A leadership position doesn’t make someone a leader

Many of my clients tell me they want leadership positions. Come to think of it, many of them are already in what most people would call leadership positions. They manage people, direct them, decide on bonuses, hiring, and firing, and so on.
But they aren’t satisfied with their current positions. They don’t know why. They just think they’ll like things more when they are higher on the organizational chart or running a company they started.
They misunderstand leadership, confusing a position or title with having control over their lives. The more your role consists of obligations over which you have no control, the less you are a leader and the more you’re a follower, no matter how high your salary or vaunted your title.
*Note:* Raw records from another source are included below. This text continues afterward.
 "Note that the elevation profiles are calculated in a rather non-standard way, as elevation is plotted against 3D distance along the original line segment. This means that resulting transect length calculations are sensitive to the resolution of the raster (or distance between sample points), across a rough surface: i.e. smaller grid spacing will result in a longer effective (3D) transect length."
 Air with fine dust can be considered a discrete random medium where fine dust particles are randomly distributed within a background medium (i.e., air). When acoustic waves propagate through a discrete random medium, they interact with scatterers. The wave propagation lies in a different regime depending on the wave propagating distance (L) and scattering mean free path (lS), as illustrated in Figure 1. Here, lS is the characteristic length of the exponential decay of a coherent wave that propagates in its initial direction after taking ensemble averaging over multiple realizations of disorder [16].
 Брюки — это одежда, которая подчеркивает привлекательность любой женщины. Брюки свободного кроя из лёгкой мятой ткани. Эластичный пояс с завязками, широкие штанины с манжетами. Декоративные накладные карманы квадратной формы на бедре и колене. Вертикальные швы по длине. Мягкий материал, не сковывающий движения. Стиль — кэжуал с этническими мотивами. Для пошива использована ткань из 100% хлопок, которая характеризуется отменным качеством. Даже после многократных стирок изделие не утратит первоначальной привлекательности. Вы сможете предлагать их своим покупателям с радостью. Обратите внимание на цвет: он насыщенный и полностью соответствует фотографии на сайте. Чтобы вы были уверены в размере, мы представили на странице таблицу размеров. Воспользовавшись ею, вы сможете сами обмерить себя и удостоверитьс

You can be a Senator, CEO, President, Chair of the Board, … whatever. If you only meet obligations, you’re not in control of your life. If you’re not in control of your life, you’re going to feel stress, dissatisfaction, and various other forms of wanting. If you confused your leadership-sounding title with ability to control your life, you’ll have internal conflict that you can’t resolve until you understand this aspect of your situation.
When you understand the value of having control over your life — your relationships, your decisions, your tasks, etc — you realize two big things:

  • You can lead from any position.
  • You can develop the skills to control your life now, without a promotion.
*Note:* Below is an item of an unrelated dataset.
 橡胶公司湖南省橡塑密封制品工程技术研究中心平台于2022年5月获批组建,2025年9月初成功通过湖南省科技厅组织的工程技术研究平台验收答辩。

The second point is major. It leads to people learning to improve their lives right now with everyone, not just work colleagues. You learn to become a leader not by waiting to get promoted but by behaving how people will follow your lead and believing what promotes that behavior. Promotions will more likely follow faster, though you’ll find you want or need them less since you’ll be choosing to work on more important things, doing them more effectively, and enjoying your work more already, no longer limited by titles and positions on charts to decide important things about your life.
Since many clients describe shortcomings in how their managers lead them, an early exercise is to lead their managers in an area that isn’t working well. An exercise like this achieves several goals relevant to most people, including:

  • You take responsibility for your relationship.
  • You learn and practice up-leading.
  • You learn and practice seeing your manager as a person first and position on an organizational chart second.
  • You learn and practice asserting yourself without being aggressive.
  • You force yourself to see things from their perspective.

Usually we work up to an exercise like that, first doing solo exercises, then role-playing and practicing to prepare for different eventualities. You don’t need a coach to start practicing up-leading, but for some reason most people don’t do it on their own, probably fear combined with not seeing how to allay risk.
Anyway, skill and experience leading people independent of your positions in company charts opens you to seeing the foundation of leadership and control over your life in behavior, skills, and beliefs, which you start developing quickly.
If you want control over your life, learn behaviors and beliefs that create it. You can do that now. Don’t confuse a title that comes with obligations with control over your life.